Additionally, as we have discussed previously, a natural generalization of the Eulerian trail problem on static graphs is the so called Chinese Postman problem. Since the latter is more general, it directly follows from the results presented here that translations in the temporal sense analogous to the ones given here for the Chinese Postman problem would already be \(\texttt {NP}\)-complete. However, it could be worth to investigate whether our polynomial cases would continue to be polynomial.

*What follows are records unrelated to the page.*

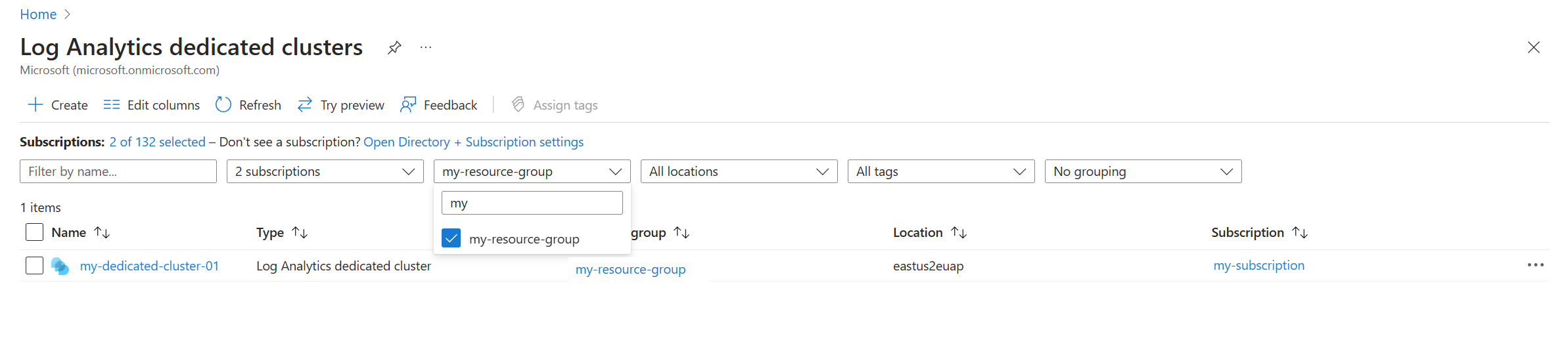 En el menú clústeres dedicados de Log Analytics del portal de Azure, seleccione el filtro grupo de recursos.
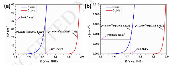 (3) 兩部分電流密度效率曲線幾乎完全相同。此外,析氧反應劇烈的發生,在高電流密度下產生高價金屬陽離子,消耗大量電荷,使電流效率小于100%。
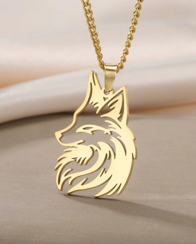 Řetízek a přívěšek / náhrdelník liška - ocelový. Možno nosit do sprchy, při sportu...
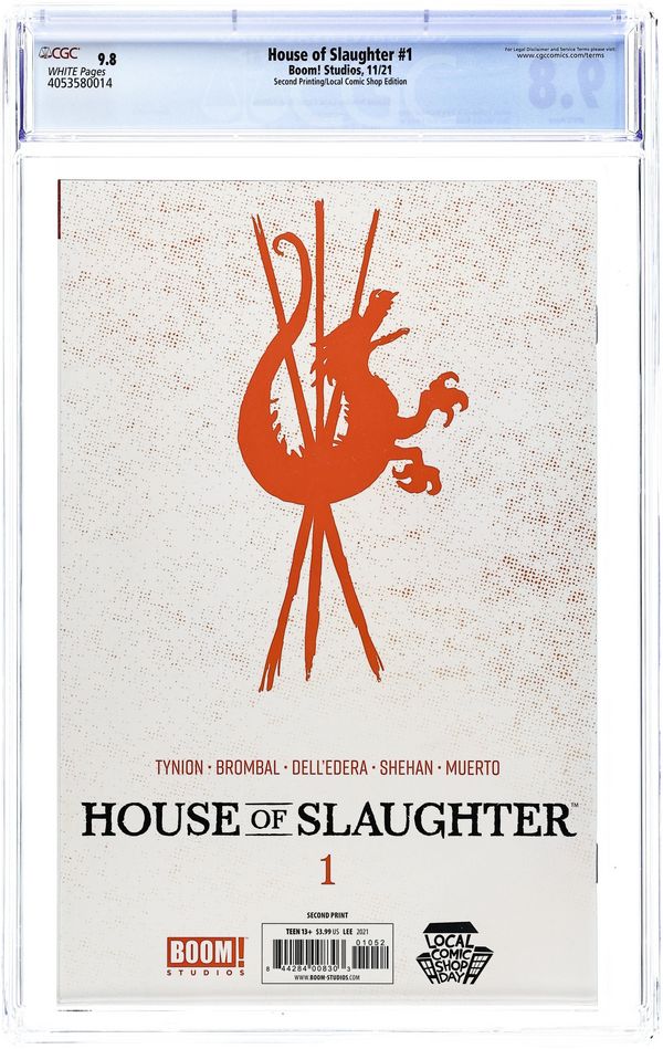 Published Nov 2021 by Boom Studios.House of Slaughter (2021 Boom) 1LCSD CGC 9.8 Lee LCSD Variant 2nd Printing

Finally, we mention that, looking at Table 1, one can find many open other problems either explicitly (e.g., what is the complexity of all the investigated problems on graphs with bounded treewidth when an edge is allowed to appear at most 3 times?), or related to the results presented (e.g., what other parameters would be promising for obtaining \(\texttt {FPT}\) algorithms?).